Thu, 4-Nov-2021 / 4:00pm / Packard 101
We will overview the distributed optimization algorithms starting with the basic underlying idea illustrated on a prototype problem in machine learning. In particular, we will focus on convex minimization problem where the objective function is given as the sum of convex functions, each of which is known by an agent in a network. The agents communicate over the network with a task to jointly determine a minimum of the sum of their objective functions. The communication network can vary over time, which is modeled through a sequence of graphs over a static set of nodes (representing the agents in a system). In this setting, the distributed first-order methods will be discussed that make use of an agreement protocol, which is a mechanism replacing the role of a coordinator. We will discuss some refinements of the basic method and conclude with more recent developments of fast methods that can match the performance of centralized methods.

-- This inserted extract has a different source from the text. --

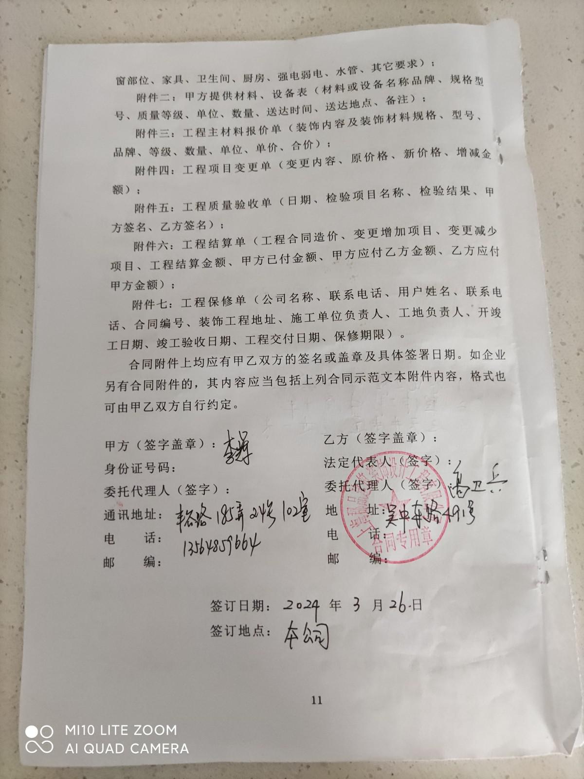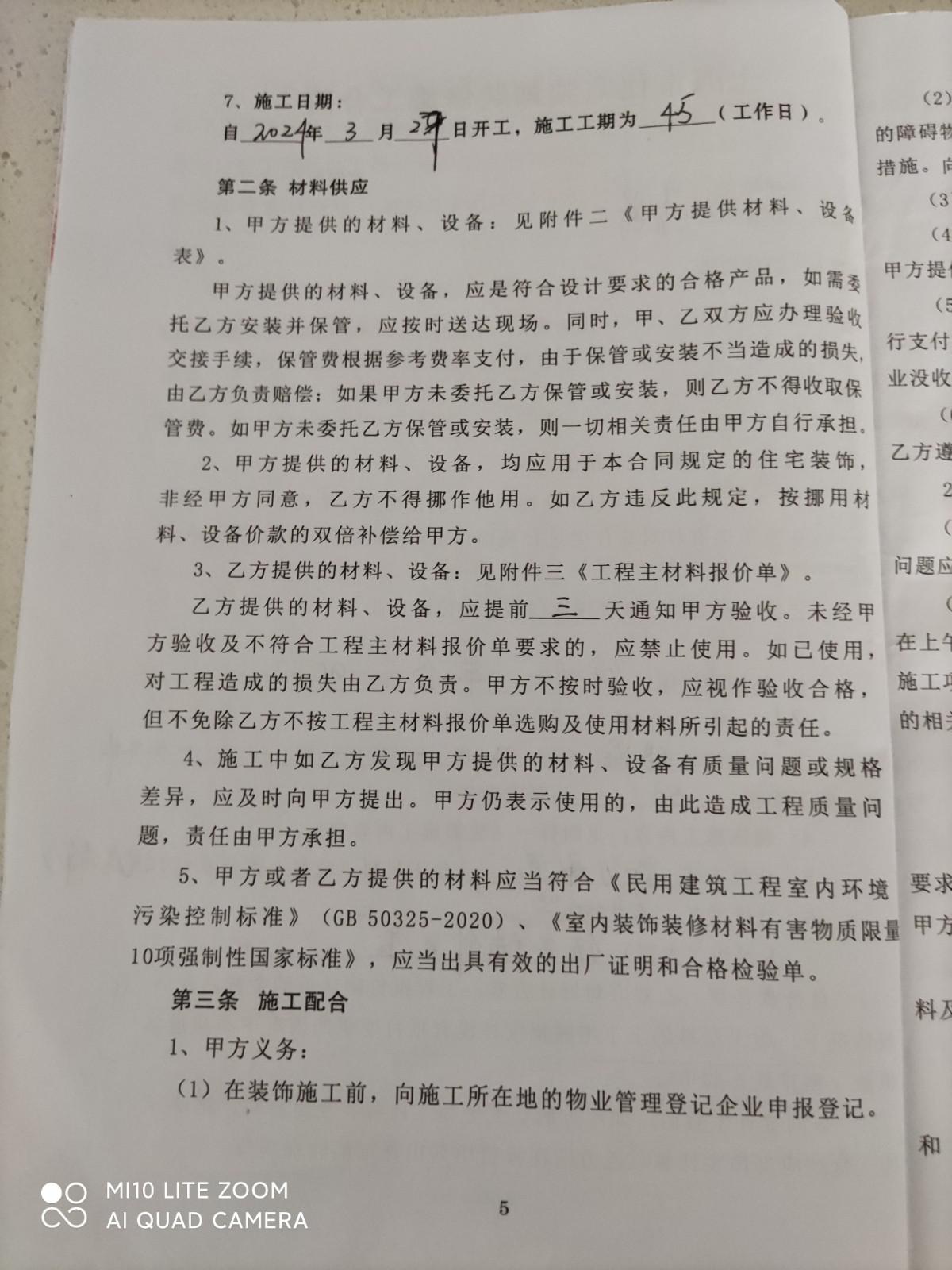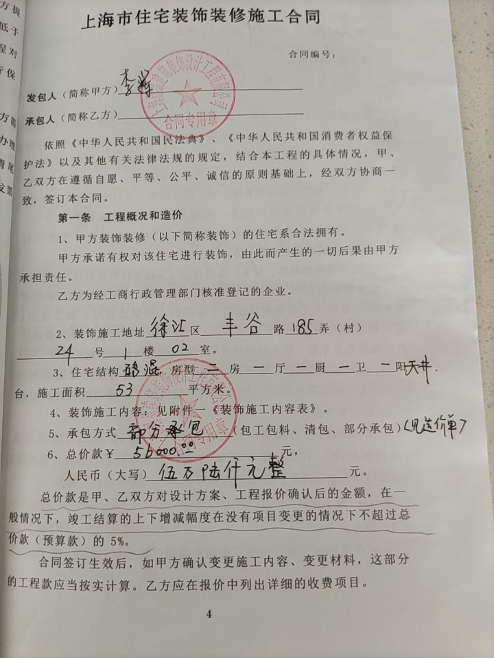 本人2024年3月26日在上??て方ㄖb飾設(shè)計(jì)工程有限公司與公司委托代理人高衛(wèi)兵簽訂裝修合同,施工地:上海市徐匯區(qū)豐谷路185弄24號(hào)102室,施工房型:二房一廳一廚一衛(wèi)一天井,施工面積53平方米??們r(jià)伍萬(wàn)陸仠元(56000元),部分承包(附造價(jià)單明細(xì)),自2024年3月27日開(kāi)工,施工期45天(工作日)。指派工程部負(fù)責(zé)履行合同,還約定違約責(zé)任,每逾期一天,賠償60元。簽訂合同當(dāng)日付款總價(jià)30%(16800元),工程款按照工程進(jìn)度支付。3月27日在施工地舉行開(kāi)工儀式,4月9日開(kāi)始拆除工作以后,材料一直沒(méi)有進(jìn)場(chǎng),到4月30日告知材料下午到。5月10日工人開(kāi)槽,排線,5月21日公司水電驗(yàn)收,

Angelia Nedich has a Ph.D. from Moscow State University, Moscow, Russia, in Computational Mathematics and Mathematical Physics (1994), and a Ph.D. from Massachusetts Institute of Technology, Cambridge, USA, in Electrical and Computer Science Engineering (2002). She has worked as a senior engineer in BAE Systems North America, Advanced Information Technology Division at Burlington, MA. Currently, she is a faculty member of the school of Electrical, Computer, and Energy Engineering at Arizona State University at Tempe. Prior to joining Arizona State University, she has been a Willard Scholar faculty member at the University of Illinois at Urbana-Champaign. She is a recipient (jointly with her co-authors) of the Best Paper Award at the Winter Simulation Conference 2013 and the Best Paper Award at the International Symposium on Modeling and Optimization in Mobile, Ad Hoc, and Wireless Networks (WiOpt) 2015. Her general research interest is in optimization, large-scale complex systems dynamics, variational inequalities, and games.